Sin is a part of the story of our lives and our world, but so is God. Sin separates, divides, manipulates; God reconciles.  I can live with that.  Jesus nailed it down secure when He said, “You will know the truth, and the truth will set you free” (John 8:32).

God bless you as you walk with Jesus and make good choices because He is in your life.

Wednesday, July 17, 2013

BAPTISM


BAPTISM

I love rain.  A good storm envelopes me in peace and opens me up to a Power greater than myself.  Not everyone is sympathetic with my mysticism, but I don't care. 
           
I love rain. 

I like to take walks within her embrace and to meander along until her drops become one with my sweat. 

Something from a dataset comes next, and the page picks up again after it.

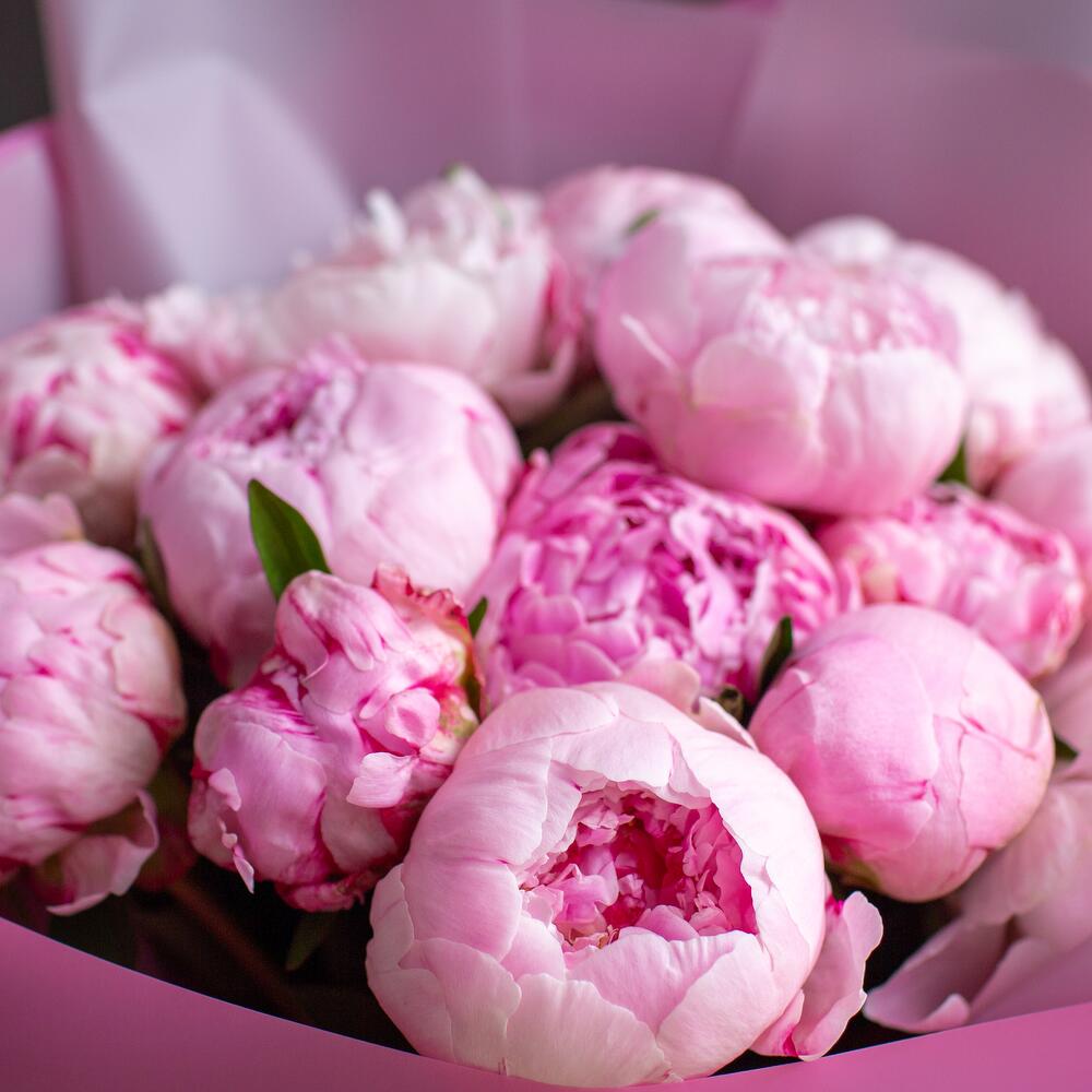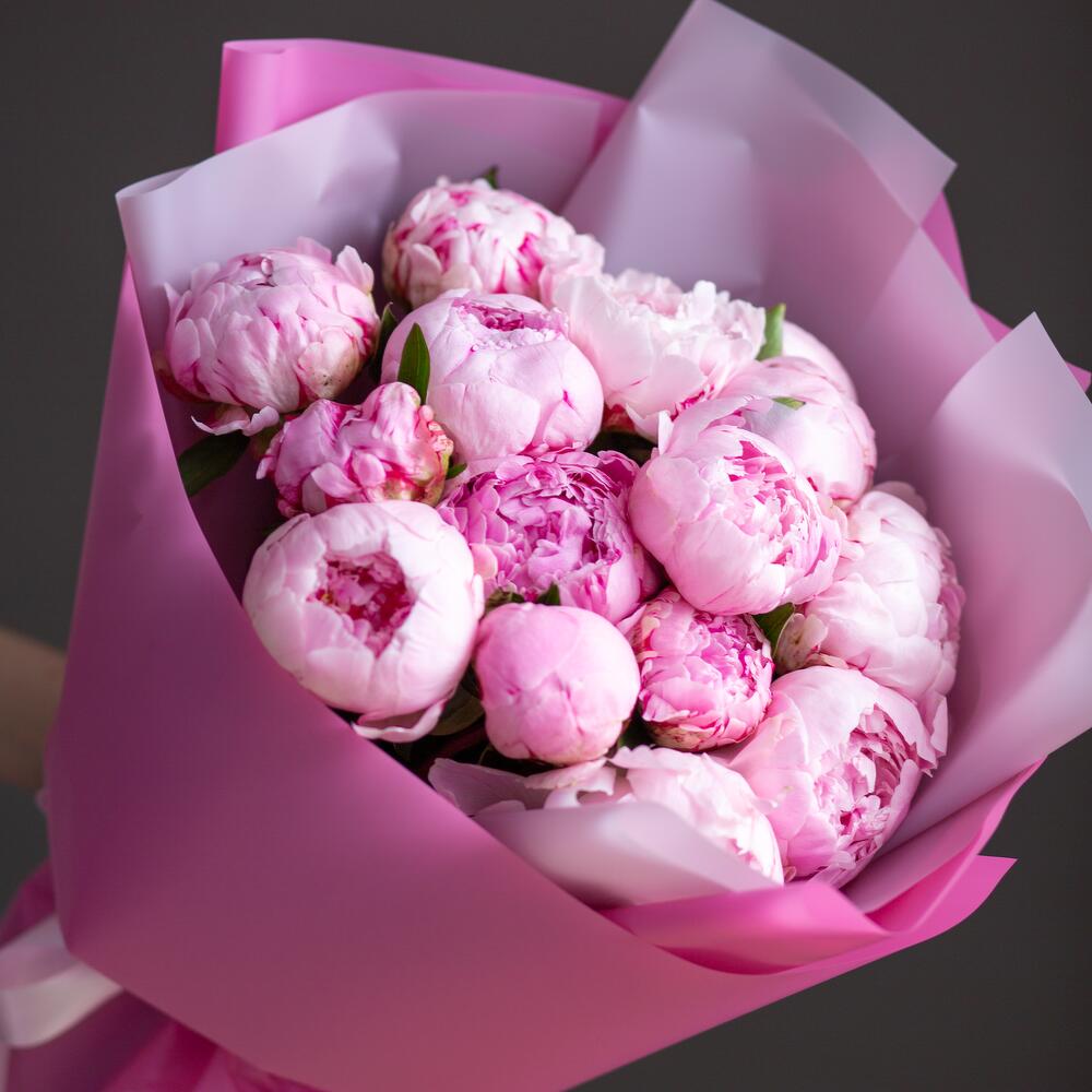 Букет из 15 розовых пионов

I like to get drenched as I play in the puddles of nature's creation and to make my way through the blanket of wetness that soaks my body and fills my soul with joy.
           
I like to watch the palms move in the mist and a thousand other trees stand in exaltation as they, almost in unison, sway to the hymn of nature. 
           
And, I see God in the rain.  I feel Him in the mist and sense Him in the breeze.  He is near in the moving clouds and present in the little streams that make their way to join other streams as they move to destinations chosen either by nature or construction.
           
Rain mystifies me and reaches depths in my nature that ever remind me I am baptized in drops of water that flow, not from the sky, but from a well whose waters not only refresh my body but energizes my soul, a well of water whose depths know no limits, whose Source is God, and whose drenching is eternal life. 

I recently read somewhere this probing thought of Anglican Priest, Philip Gill.  He said, “‘I am baptized!’ Apparently Martin Luther, the great 16th century figure of the reformation used to take great comfort from these words. When it seemed to him that the whole church had left the precepts of the Gospel, when he was under scrutiny from Church officials as to the truth of his beliefs, when his life was under threat and when he suffered self-doubt he would boldly claim, ‘I am baptized’” (http://www.whatchristianswanttoknow.com).

I am baptized.  I’m no Martin Luther but I am baptized.  I am baptized in the life of Jesus.  By a grace I do not deserve I have been invited to live in light of the baptismal waters that declare, “it is no longer I who live, but Christ lives in me; and the life which I now live in the flesh I live by faith in the Son of God, who loved me and gave Himself up for me” (Galatians 2:20).